How are the different organisational responses used by firms positioned within this network? To answer this question, we grouped the industries together using hierarchical clustering on the four main variables in the right-hand block in the network (framed in Chart 3). In this way, we identified three main industry categories, each displaying similar organisational choices or constraints.

We then presented these clusters stylistically in the first factorial plane of a principal component analysis carried out using the same variables. The horizontal axis shows the level of activity, in descending order from left to right: it distinguishes between industries with a high rate of closures and short-time work (right-hand side, cluster 3), and those that have been able to maintain their activity, either through teleworking or on-site, but with a certain amount of employee absence (left-hand side of the axis, clusters 1 and 2). The vertical axis compares the two modes of activity: mainly on-site (at the bottom, cluster 1), or mainly teleworking (top, cluster 2).

Image Representation of the clusters in a first factorial plane
Chart 4: Representation of the clusters in a first factorial plane
Source: The Banque de France's monthly business survey (MBS).

Note: The first factorial plane of the principal component analysis reproduces 82% of the total dispersion of the cloud. The proximity between two industries reflects the similarity between them regarding the 4 themes: short-time work, teleworking, closures and other absences.

This factorial plane breakdown reveals three industry clusters. The bottom left-hand corner contains industries deemed essential during the lockdown (13 industries): pharmaceuticals, agri-food (excluding industrial baked goods), chemicals (excluding perfumes and personal care products) and, fuelled by the former, paper, cardboard and plastic packaging. The top left-hand area shows services requiring little or no physical contact, and which have made massive use of teleworking (14 industries): IT, legal and accounting services, management consultancy, and, to a lesser extent, architectural, engineering and technical activities, and advertising and market research.
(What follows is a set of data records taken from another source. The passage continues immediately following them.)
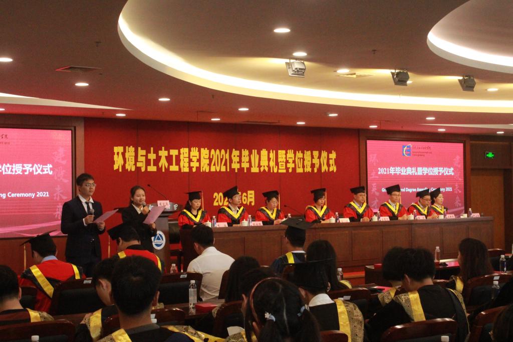 又是一年毕业季,依然十里栀花香。6月19日下午,环境与土木工程学院2021年毕业典礼暨学位授予仪式在图书馆510报告厅举行。院党委书记李艳,院长王震宇,副院长邹华、缪恒锋、王新华,环境工程专业李激教授,环境工程系副主任张衍,土木工程系主任刘文化,工程管理系主任沈洪明,毕业班班主任薛羚伟、严心池、付小英、张清峰、李祎飞出席典礼。环境与土木工程学院2021届全体毕业生参加了本次典礼。典礼由院党委副书记胡娟主持。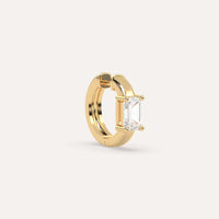 Classic 1/2 carat single diamond hoop earring for women or men, set with a high brilliance white and eye clean natural diamond in solid 14K yellow gold.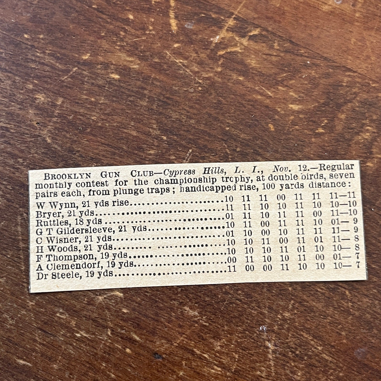 Nov 1878 Brooklyn Gun Club Cypress Hills Pigeon Match W. Wynn 1878 Clip AG2-S18

The area on the centre-right contains the vast majority (71 industries) of activities that have been unable to continue their operations on site, and which are difficult to carry out via teleworking. In this larger cluster, the individual industries can also be ranked according to the severity of the impact, from the least affected on the left to the worst affected on the right. The centre of the chart shows activities less severely affected by the lockdown, and that are closely linked to cluster 1 (IT products, road freight, perfumes and personal care products) or cluster 2 (temporary work). The area immediately to the right of the axis shows the remaining manufacturing industries, which have been more severely affected (especially motor vehicles, aeronautics), construction and the performing arts. The far right of the chart shows those industries where activity has been worst affected: personal services, hotels, restaurants, hairdressers and car rentals.

Chart 1 reveals the link between the different forms of organisation adopted by industries and the results of the business summary published at the start of April. It shows that differences in organisation from one cluster to another translate into differences in activity and cash-flow levels.

This is the benefit of carrying out a text mining on the additional comments section: it expands on the standard economic analysis by providing new information, at a granular industry level, on the changes firms have made to adapt to the lockdown.